I write of my beloved older brothers because I receive so much email from women who were incested by their brothers and are still filled with anguish and sorrow at the memories. I so understand their emotional pain as my father raped me when I was thirteen, setting off five years of sexual, emotional and physical abuse. I say physical because my mother found out what he was doing, blamed me and made sure I received regular beatings from my father’s belt. She also told friends of ours that I was no good, unclean, dishonest, an evil person not to be trusted. Thank God I found out years later that the very people she said this to thought just the opposite of me and wondered why she was so insistent in her opinions. During all my years, the love and support and playfulness of my brother helped sustain me. I am sad that people I speak with who were sexually abused by brothers were never able to experience the love and support I had from mine. Dad showed us how to clean our 22 rifles, take them apart and memorizing the name of each part. He had been in the Marine Corp during World War II and guns were a large part of his life. He wanted my brothers and me to know how to use them properly. We went rabbit hunting in the winter and prairie dog hunting in the spring. It produced joyful memories to balance the dark and ugly ones.

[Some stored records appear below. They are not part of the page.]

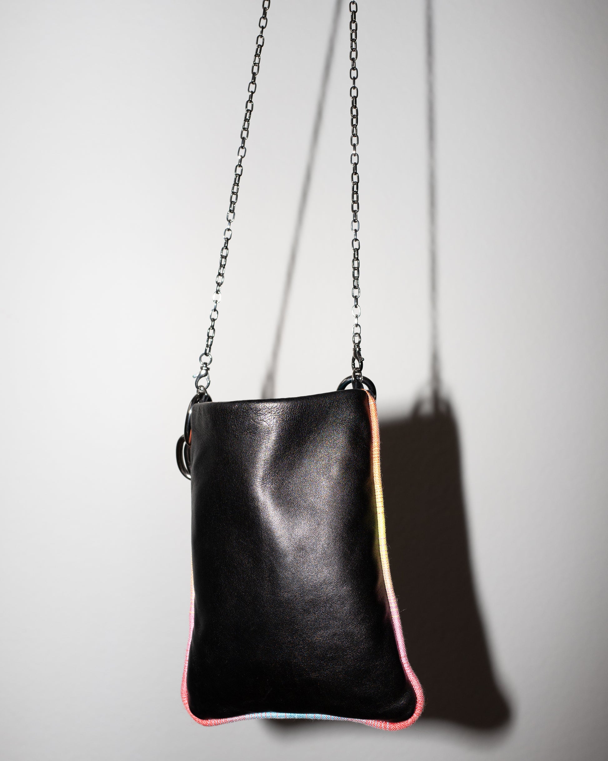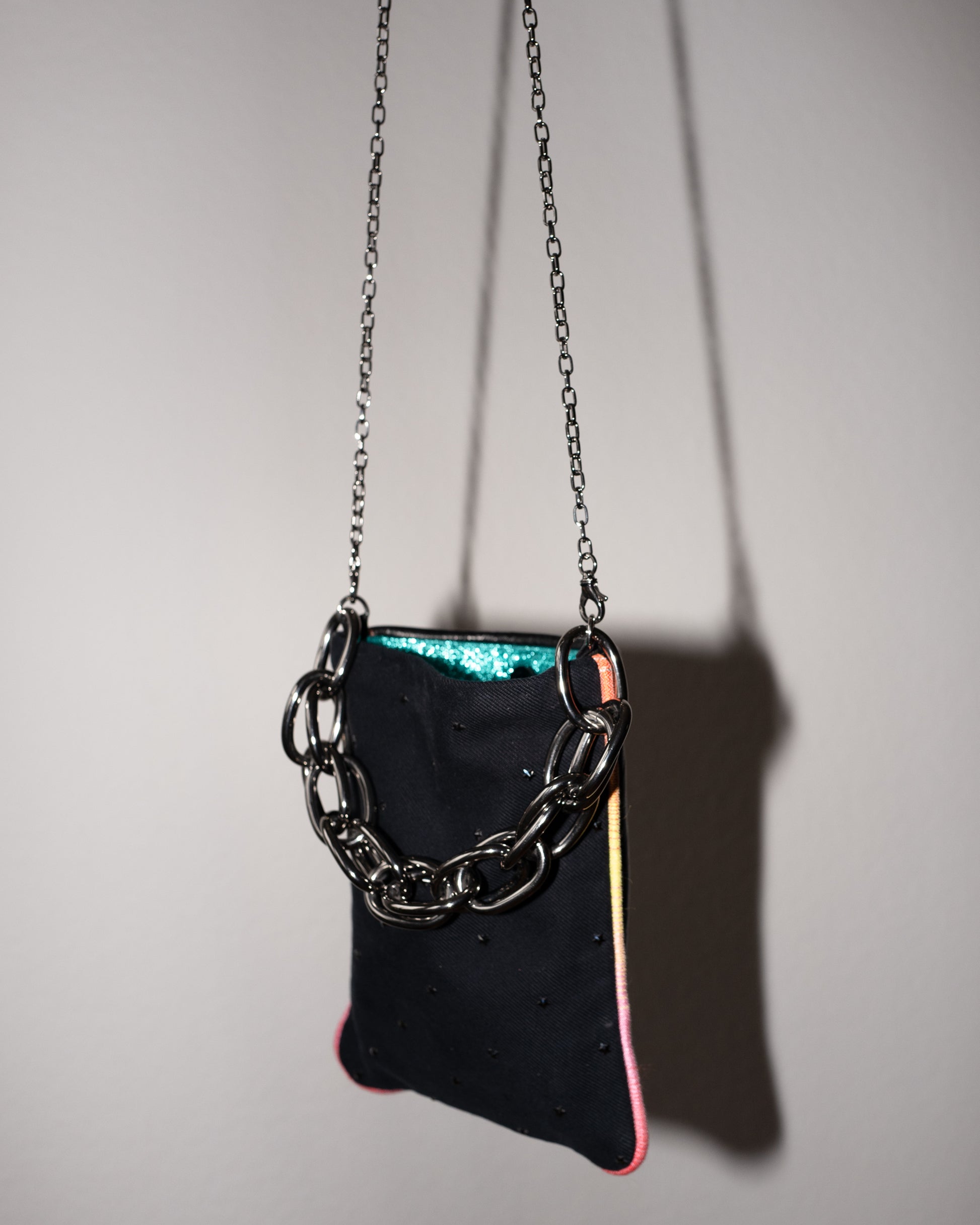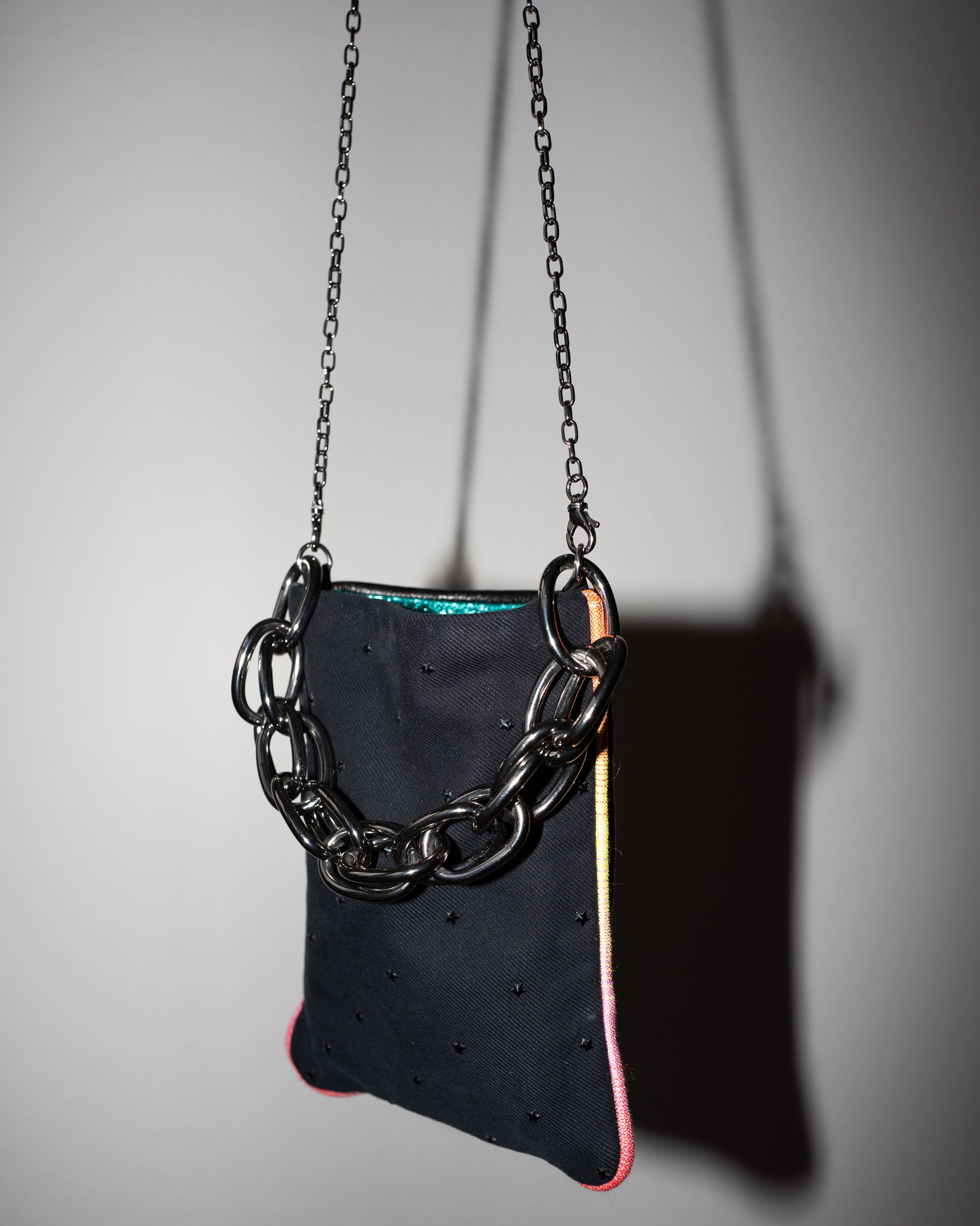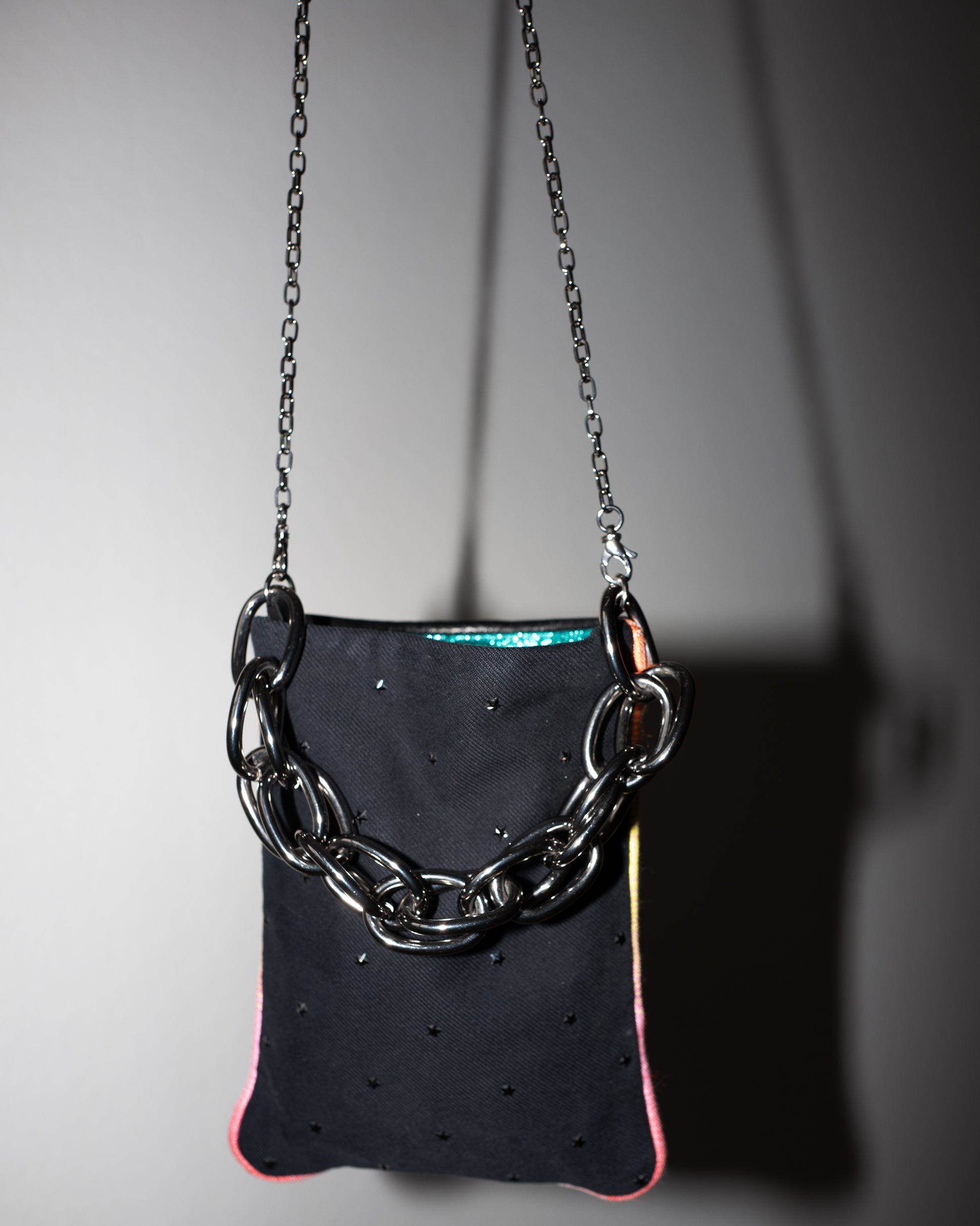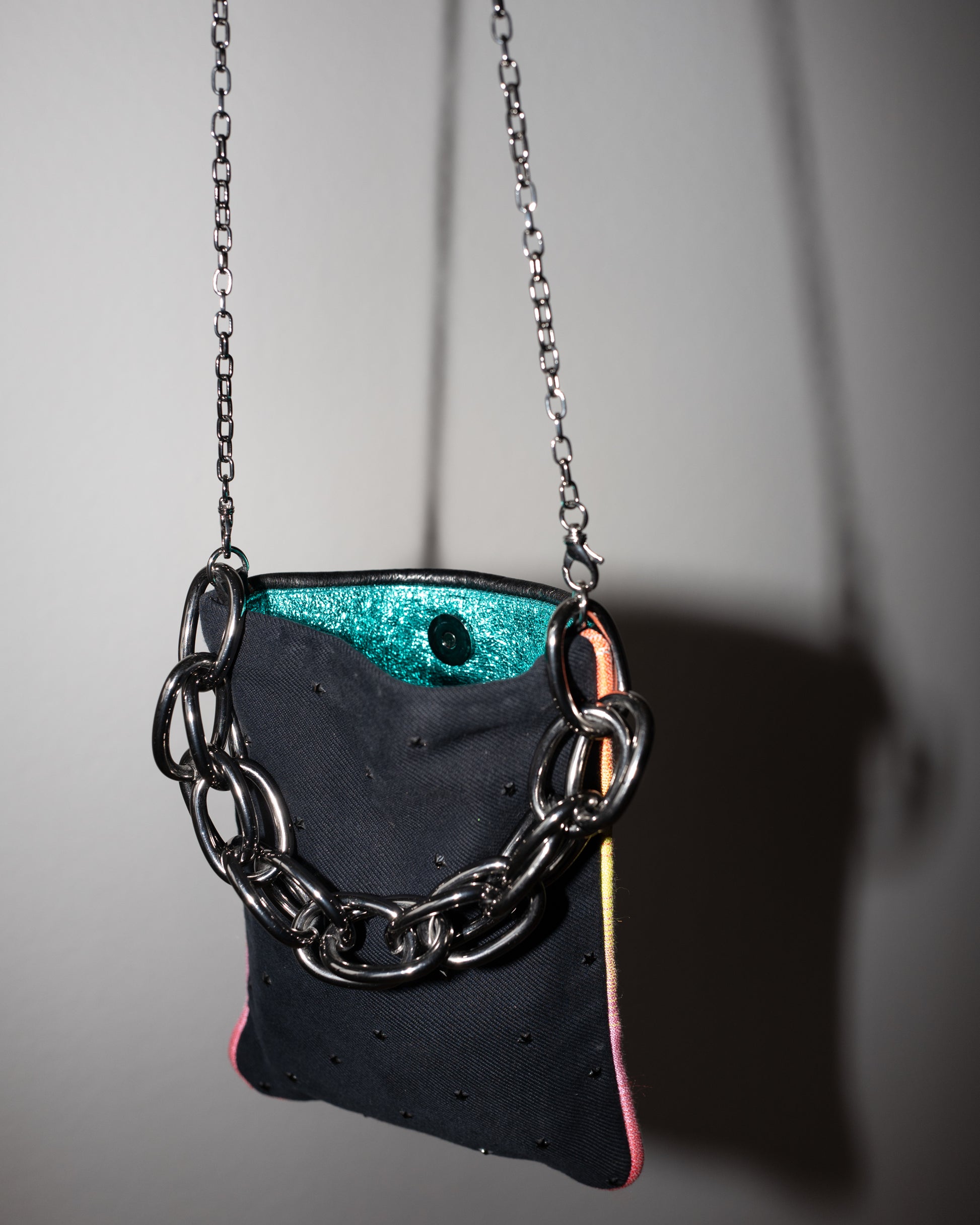 This Leather bag is a one of a kind bag made of  French Vintage Workwear, Italian Napa Leather and Italian Chains. It is light weight and easy to carry. It's the perfect party bag but can be worn in more causal settings as well. It's a fun, unique piece that are meant to spread joy and make you happy. Enough with heavy boring leatherbags that make you look like everybody else, we feel that you are unique, and a bag should match your individuality but also make you happy. A bag shall be irresistible and talk to your emotions, a piece that creates conversation and makes you dream.
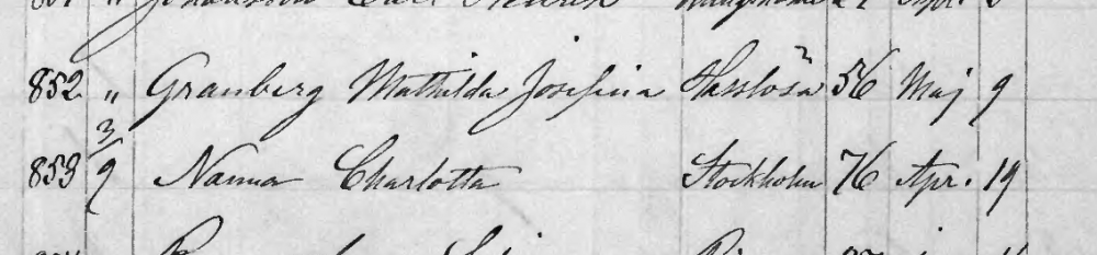 Fant henne! Uekte født i Adolf Fredriks forsamling under samme navn på samme dato som angitt i Husförhörslängden i Brännkyrka: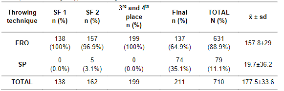 We can conclude that athletes perform FRO throws to a greater extent. This may be due to the complexity in the technique and tactics involved in the SP throw, and this being an important aspect to consider in the athlete's sports preparation.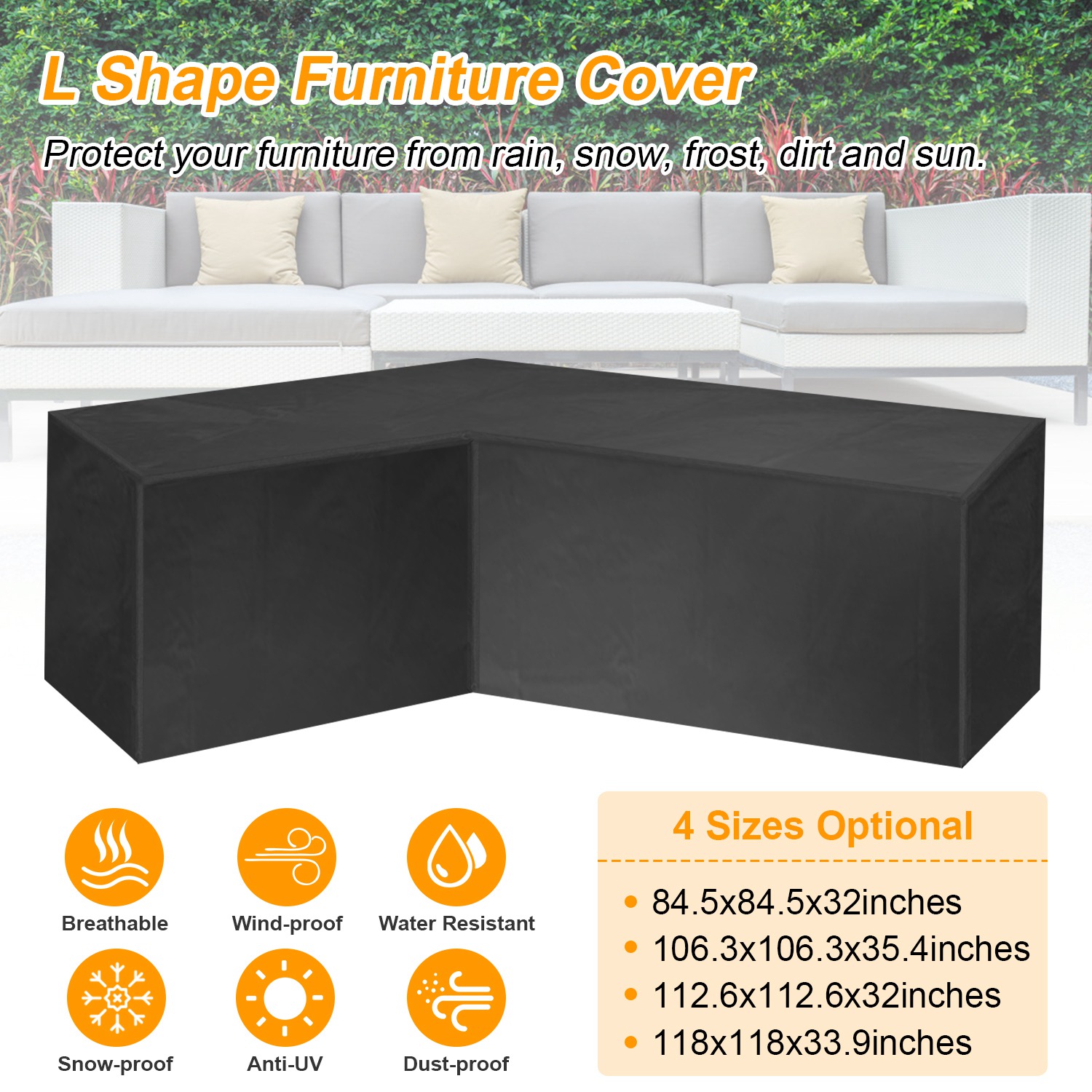 Our furniture cover featured with L shapes, adopt premium polyester materials with PVC coating, water resistant and anti-UV, protect our outdoor furniture from dust, rain or other bad weather condition, a way to save money for keeping furniture in good shape and color. Fine stitching workmanship and adjustable hem cord is easily and tightly to cover your furniture. Easy to fold and store in our included bag. Fits for L-shaped furniture or sofa set.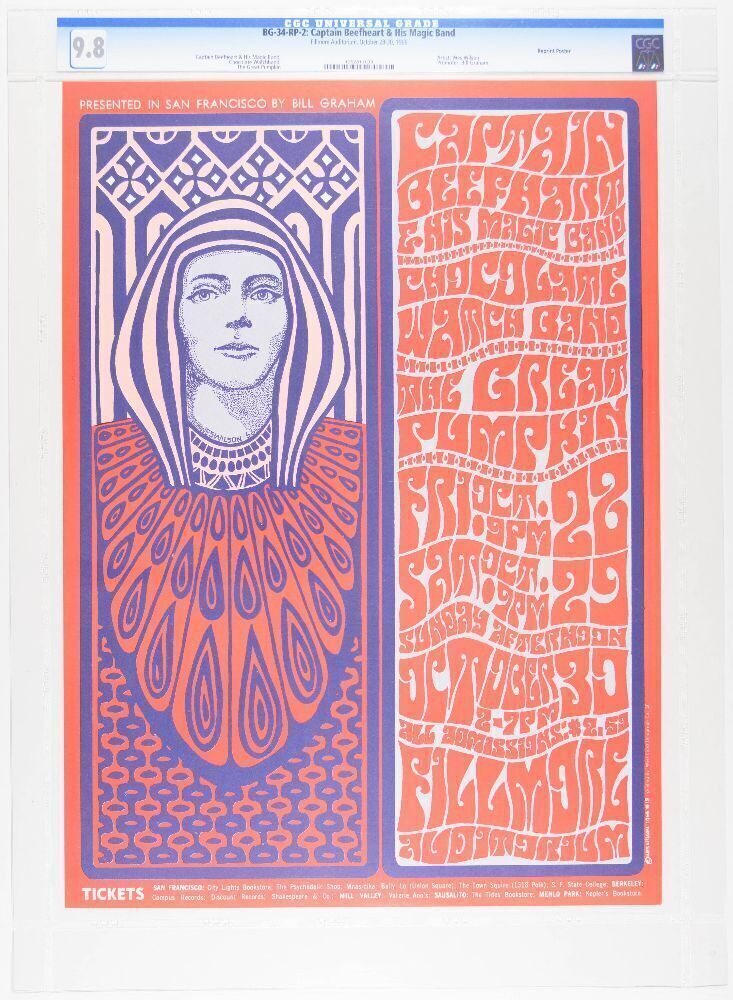 This is a second printing of Wes Wilson’s stunning advertisement for a performance by the enigmatic Captain Beefheart and His Magic Band at the Fillmore, and this is an early Bill Graham favorite. This is an early Fillmore favorite and even the second printings are quite collectible.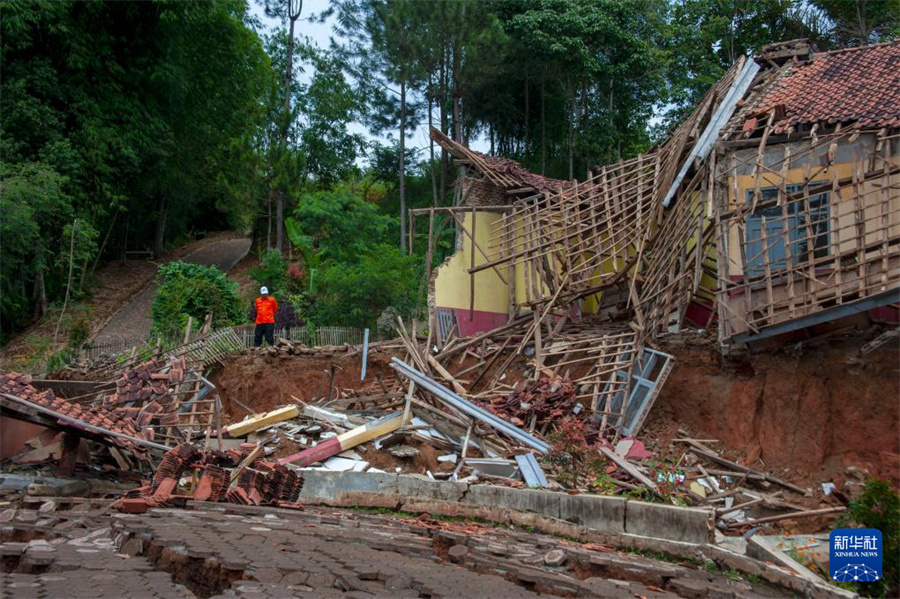 3月4日,一名男子在印度尼西亞西爪哇省的山體滑坡現(xiàn)場(chǎng)查看情況。新華社發(fā)(塞提安賈爾攝)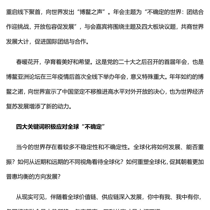 黨課講稿 > 2023以團結合作應對不確定的世界PPT精美大氣風寫在博鰲亞洲論壇2023年年會之際專題黨課課件(講稿).DOCX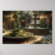Rustic spaghetti topped with sautéed broccoli rabe and olive oil, served in the romantic courtyard of a mediaeval Italian villa with ivy-clad walls and a softly lit fountain.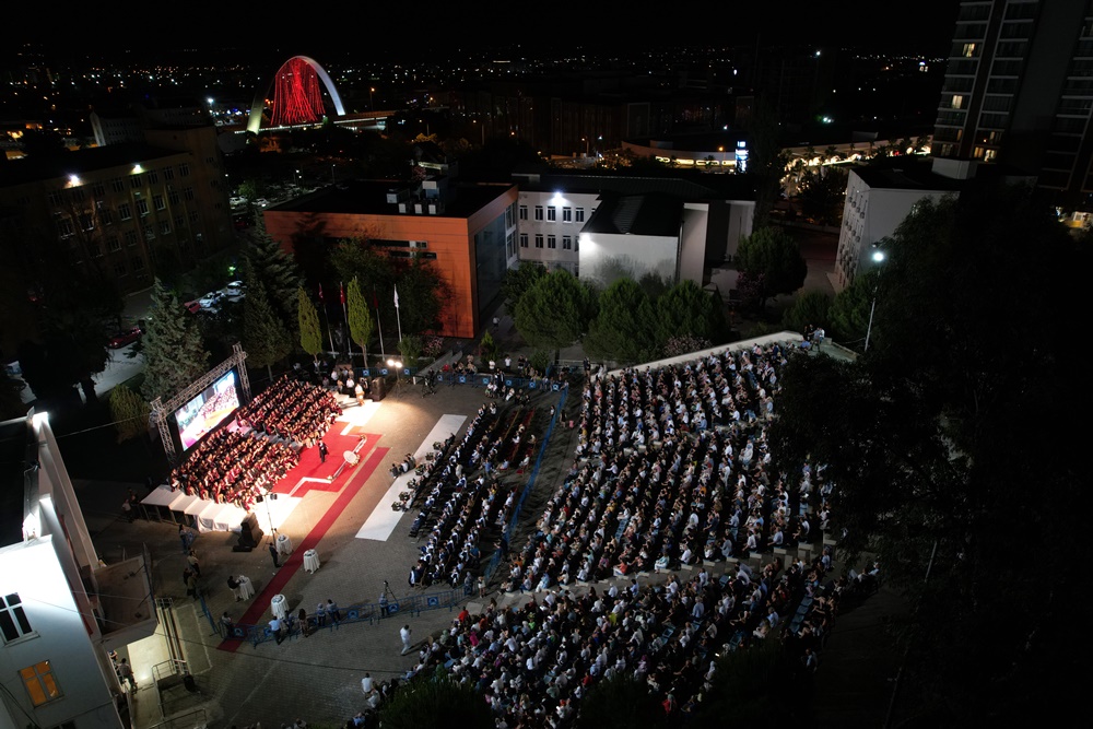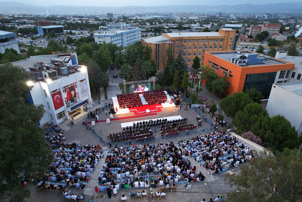 The ceremony was attended by several dignitaries including Manisa Governor Enver Ünlü, Provincial Gendarmerie Commander Brigadier General Zafer Tombul, Rector Prof. Dr. Rana Kibar, District Governors Atilla Kantay and Fatih Genel, Chief of Police Fahri Aktaş, Vice-Rectors Prof. Dr. Ahmet Çetin, Prof. Dr. Kadir Ay, Prof. Dr. Oktay Üçer, General Secretary Erhan Doğan, protocol members, academic and administrative staff, families, and students.

All of us wounded children have some little pocket of joy in our life that we draw on. Perhaps we had a grandmother we adored, our maybe a grandfather who took us fishing or rowing a boat 0n the lake. Maybe we had a teacher that took a special interest in us, who nurtured our minds. Perhaps we hid in books, books that carried us away to other lands and other people. Maybe your parents loved you but didn’t know about the sexual abuse from your brothers. In the life of everyone, amidst the dark storms someone or something transformed us, protected us, gave us a lifeline, and kept us going. If we draw on those memories, locking our darker ones into a room never to be opened (unless we are going through recovery and need to open the doors so we can learn how to mend) then we will be able, one day at a time, to learn to love life again.